ADJ-00037806 - Workplace Relations Commission Michelle Collins v Tile & Wood Factory Outlet (Limerick) Limited

JurisdictionIreland
Judgment Date03 May 2023
CourtWorkplace Relations Commission
Docket NumberADJ-00037806
Date03 May 2023
RespondentTile & Wood Factory Outlet (Limerick) Limited
Procedure:

In accordance with Section 8 of the Unfair Dismissals Acts, 1977 - 2015,following the referral of the complaint to me by the Director General, I inquired into the complaint and gave the parties an opportunity to be heard by me and to present to me any evidence relevant to the complaint.

This matter was heard by way of remote hearing pursuant to the Civil Law and Criminal Law (Miscellaneous Provisions) Act, 2020 and S.I. 359 of 2020, which designates the WRC as a body empowered to hold remote hearings.

At the hearing the parties were advised that, in accordance with the Workplace Relations (Miscellaneous Provisions) Act 2021, hearings before the Workplace Relations Commission are now held in public and, in most cases, decisions are no longer anonymised. The parties are named in the heading of the decision. For ease of reference, the generic terms of Complainant and Respondent are used throughout the text.

The parties were also advised that the Workplace Relations (Miscellaneous Provisions) Act 2021 grants Adjudication Officers the power to administer an oath or affirmation. All participants who gave evidence were sworn in. Both parties were offered, and availed of, the opportunity to cross-examine the evidence.

Background:

The Complainant commenced her employment with the Respondent on 1 May 2017. Her employment terminated on 22 October 2021.

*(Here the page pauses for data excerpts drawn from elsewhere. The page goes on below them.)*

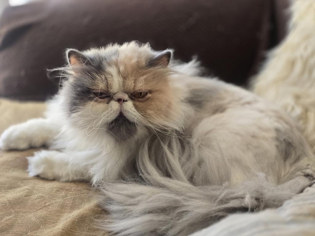 Cat has had all shots spayed all up to date and recently groomed she's a beautiful white gray and orange mini Persian cat she's almost two years old but still acts as though she's a kitten beautiful can have papers available from a cat breeder of Persian cats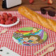 Um design com um monte de crianças correndo num arco-íris colorido. Este design parece realmente eficaz nestas placas de papel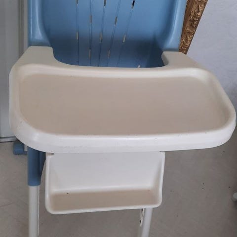 mukana tuoli, vauvasetti sekä tarjotin. Täydellinen setti vauvan ruokailuun!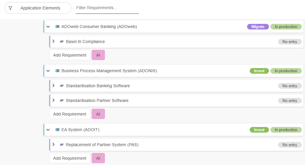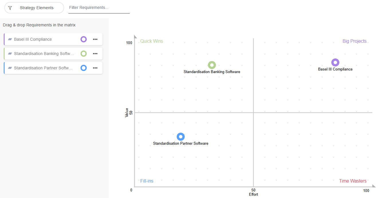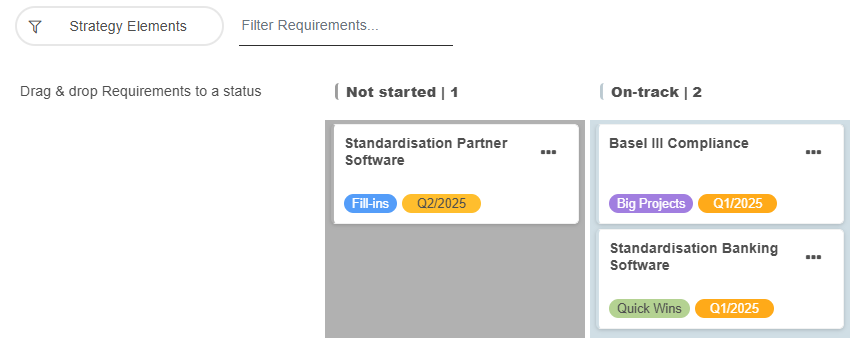 Table/Kanban Summary: Provides a detailed overview of all strategy elements and their assigned requirements, including prioritisation category, planned quarter, and current status. You can switch between a table view and a Kanban board using the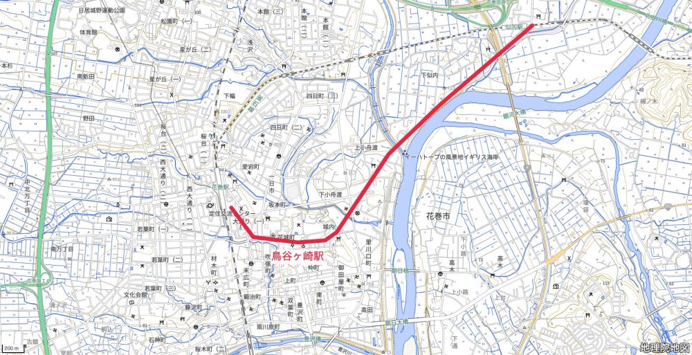 釜石線は岩手軽便鉄道廃線跡をなぞっていますが、花巻駅-似内駅間は下記のようなルートを通っていました。岩手軽便鉄道の花巻駅は現在の花巻駅のやや南側にありました。そして、花巻駅-似内駅間には鳥谷ヶ崎駅という駅がありました。これは宮沢賢治の『猫の事務所』に登場する「軽便鉄道の駅」のモデルとなった駅です。またこの区間の廃線跡沿いには「イギリス海岸」があります。その姿がドーバー海峡の白亜の海岸に似ていたことから、賢治は憧れを込めて名付けた場所です。作品、「イギリス海岸」の中で「イギリスあたりを歩いている気がする」と記しました。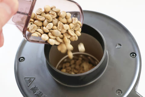 - 生豆60g(すりきり1杯分)を投入口に入れる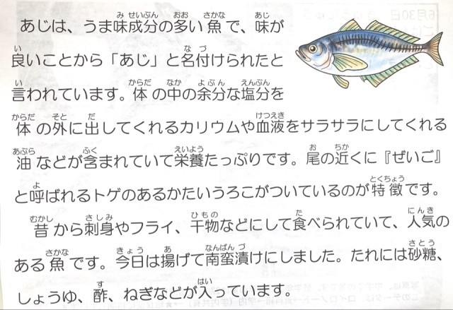 あじの南蛮漬けは、砂糖、醤油、酢で味付けしたたれが、あじの味を更においしくしてくれています。おいしい給食番付けの中でも、上位何番目かに入る美味しさです。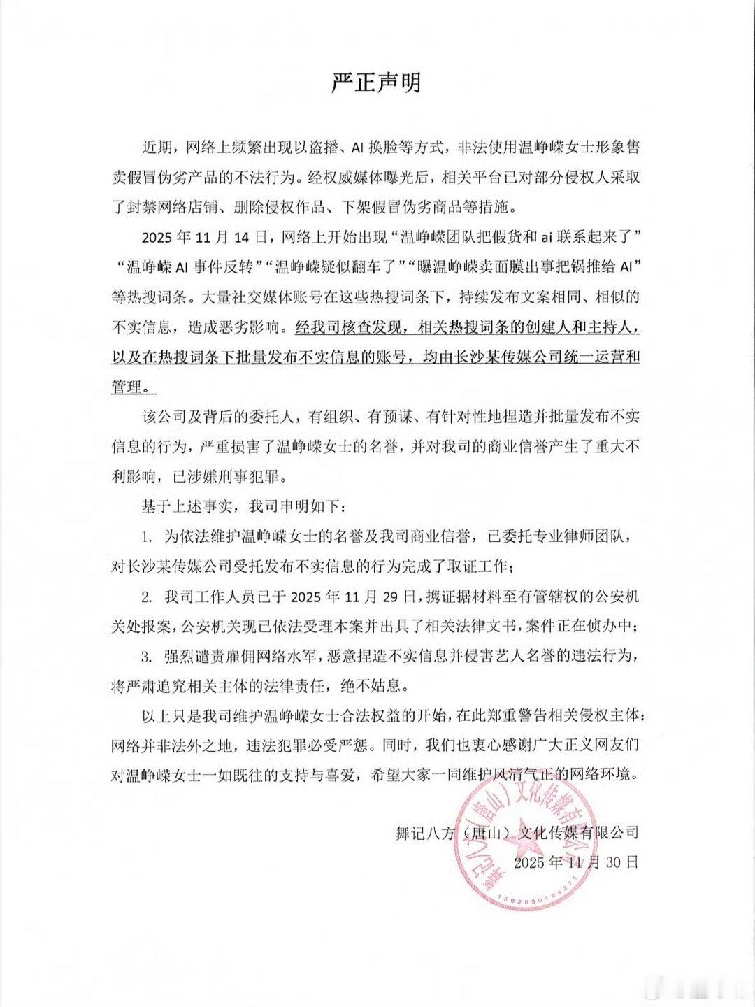 温峥嵘称已报警立案温峥嵘 AI盗播12月1日,温峥嵘发博称对于“AI盗播”事件已报警立案。此前温峥嵘在采访中提及遭AI技术合成的“自己”正在直播,她点进直播间问“你是温峥嵘我是谁”被拉黑。后续以“温峥嵘团队把假货和AI联系起来了”进行抹黑,温峥嵘方已委托律师团队完成取证并已报案。温峥嵘报警立案追究AI盗播责任温峥嵘遭AI盗播及不实抹黑报案

The Complainant referred her complaint to the Director General of the WRC on 15 March 2022 alleging that she was unfairly dismissed.

Summary of Respondent’s Case:

The Respondent raised a preliminary matter of the Complainant’s employment status. The Respondent asserted that the Complainant was a director and not an employee of the Respondent.

The Respondent submits that that company directors, such as the Complainant, should be treated as office holders, on the basis that a company director holds that position as an office holder under the constitution of the company and has duties to the company under the Companies Act 2014 and pursuant to company law generally. The fact that someone can claim to be a director of a company does not entail or imply that that person is also an “employee” by virtue of that position. It is perfectly possible to act as a director of a company and have no rights under employment law.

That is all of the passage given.